Your output should be everything below from the line containing "Beacon offers a" down to the line containing "Companies within the", both ends included, copied exactly, with pictures left out.

══ SOURCE INFORMATION ══

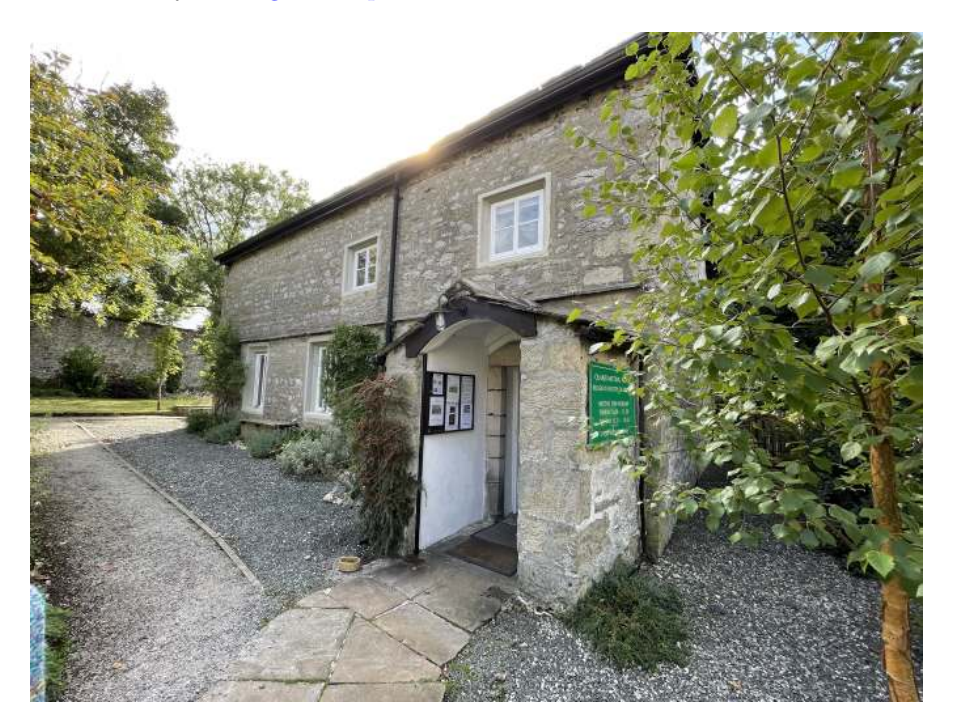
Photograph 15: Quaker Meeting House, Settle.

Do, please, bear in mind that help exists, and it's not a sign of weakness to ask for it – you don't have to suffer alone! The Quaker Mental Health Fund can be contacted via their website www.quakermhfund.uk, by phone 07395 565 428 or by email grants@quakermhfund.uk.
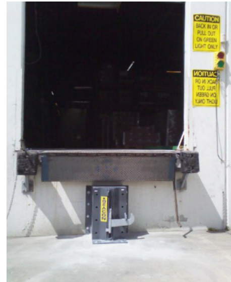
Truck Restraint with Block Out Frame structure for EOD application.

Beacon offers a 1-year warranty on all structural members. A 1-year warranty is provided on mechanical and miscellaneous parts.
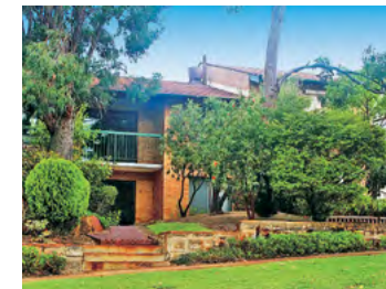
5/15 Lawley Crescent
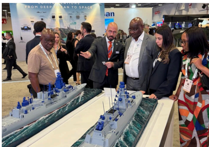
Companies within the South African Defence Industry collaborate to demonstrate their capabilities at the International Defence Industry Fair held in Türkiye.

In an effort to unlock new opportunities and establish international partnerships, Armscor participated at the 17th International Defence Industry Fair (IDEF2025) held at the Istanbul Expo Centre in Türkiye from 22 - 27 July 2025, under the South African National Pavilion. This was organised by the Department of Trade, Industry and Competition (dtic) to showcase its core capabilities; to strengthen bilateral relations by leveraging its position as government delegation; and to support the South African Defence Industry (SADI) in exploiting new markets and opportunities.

═══

*OUTPUT FOR THIS EXERCISE:*
Beacon offers a 1-year warranty on all structural members. A 1-year warranty is provided on mechanical and miscellaneous parts.
5/15 Lawley Crescent
Companies within the South African Defence Industry collaborate to demonstrate their capabilities at the International Defence Industry Fair held in Türkiye.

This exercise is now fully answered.